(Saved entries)

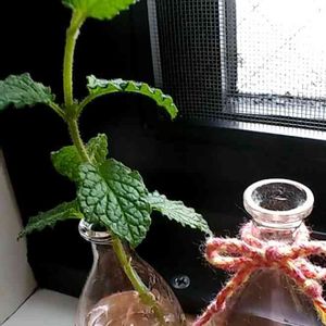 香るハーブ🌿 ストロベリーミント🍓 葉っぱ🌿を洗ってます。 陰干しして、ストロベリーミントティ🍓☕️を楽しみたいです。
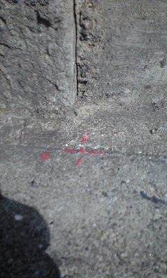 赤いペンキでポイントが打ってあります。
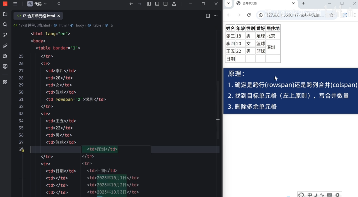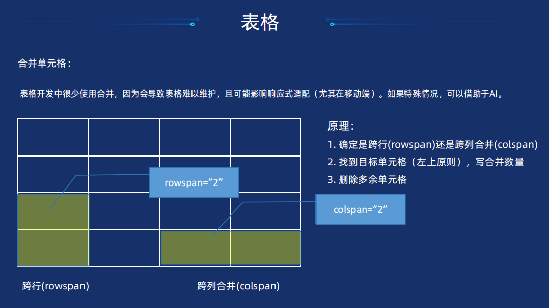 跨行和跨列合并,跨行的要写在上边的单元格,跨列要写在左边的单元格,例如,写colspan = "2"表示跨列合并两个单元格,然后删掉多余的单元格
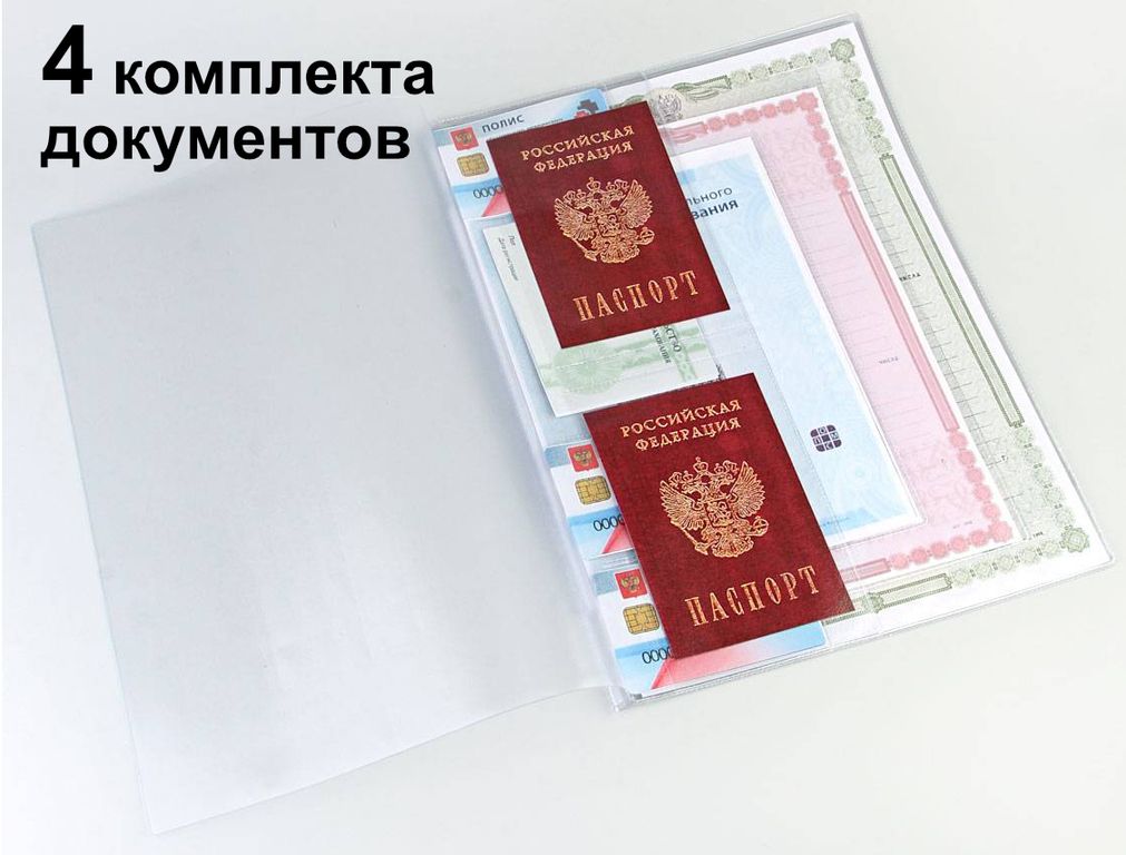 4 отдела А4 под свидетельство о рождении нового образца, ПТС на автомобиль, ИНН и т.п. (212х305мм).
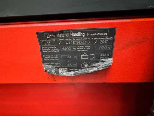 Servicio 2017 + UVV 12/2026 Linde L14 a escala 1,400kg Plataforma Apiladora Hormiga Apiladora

...

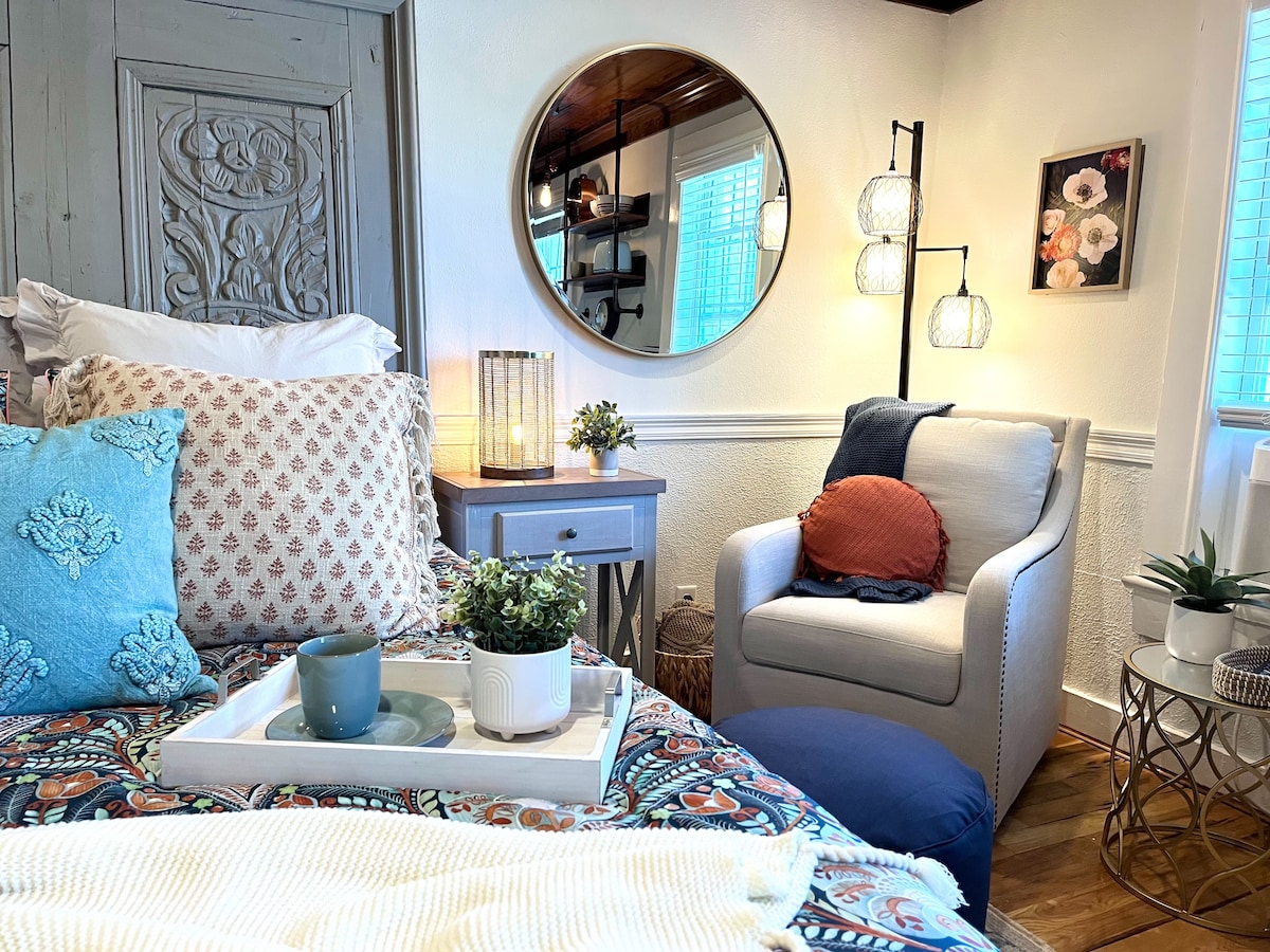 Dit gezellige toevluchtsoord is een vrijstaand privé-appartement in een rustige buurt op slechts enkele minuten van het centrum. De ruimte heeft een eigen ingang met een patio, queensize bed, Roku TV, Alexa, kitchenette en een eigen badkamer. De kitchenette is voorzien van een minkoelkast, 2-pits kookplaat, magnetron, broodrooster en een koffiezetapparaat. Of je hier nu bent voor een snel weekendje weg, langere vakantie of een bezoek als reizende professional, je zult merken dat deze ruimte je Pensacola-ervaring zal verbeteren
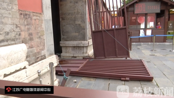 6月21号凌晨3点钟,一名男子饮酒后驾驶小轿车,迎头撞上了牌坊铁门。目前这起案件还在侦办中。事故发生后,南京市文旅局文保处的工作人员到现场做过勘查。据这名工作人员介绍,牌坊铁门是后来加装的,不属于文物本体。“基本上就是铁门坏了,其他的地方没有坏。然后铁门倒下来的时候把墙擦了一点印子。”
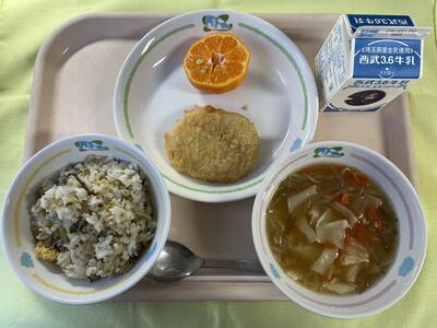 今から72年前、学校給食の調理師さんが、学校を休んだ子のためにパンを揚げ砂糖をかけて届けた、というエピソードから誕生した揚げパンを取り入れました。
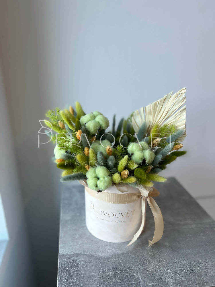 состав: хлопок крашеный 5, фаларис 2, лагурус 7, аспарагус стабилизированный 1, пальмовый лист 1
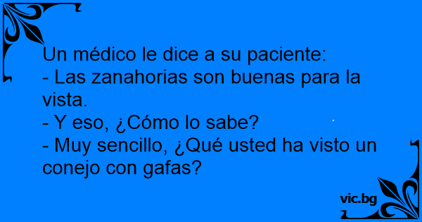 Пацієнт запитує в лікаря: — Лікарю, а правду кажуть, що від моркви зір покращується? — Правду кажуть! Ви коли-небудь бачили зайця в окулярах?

▸ **How to complete this task**: Look above for the line with "香るハーブ🌿 ストロベリーミント🍓 葉っぱ🌿を洗ってます。" and the line with "Servicio 2017 +". Give again exactly those two lines and all lines between them, pictures excluded.

▸ **Expected answer**:
 香るハーブ🌿 ストロベリーミント🍓 葉っぱ🌿を洗ってます。 陰干しして、ストロベリーミントティ🍓☕️を楽しみたいです。
 赤いペンキでポイントが打ってあります。
 跨行和跨列合并,跨行的要写在上边的单元格,跨列要写在左边的单元格,例如,写colspan = "2"表示跨列合并两个单元格,然后删掉多余的单元格
 4 отдела А4 под свидетельство о рождении нового образца, ПТС на автомобиль, ИНН и т.п. (212х305мм).
 Servicio 2017 + UVV 12/2026 Linde L14 a escala 1,400kg Plataforma Apiladora Hormiga Apiladora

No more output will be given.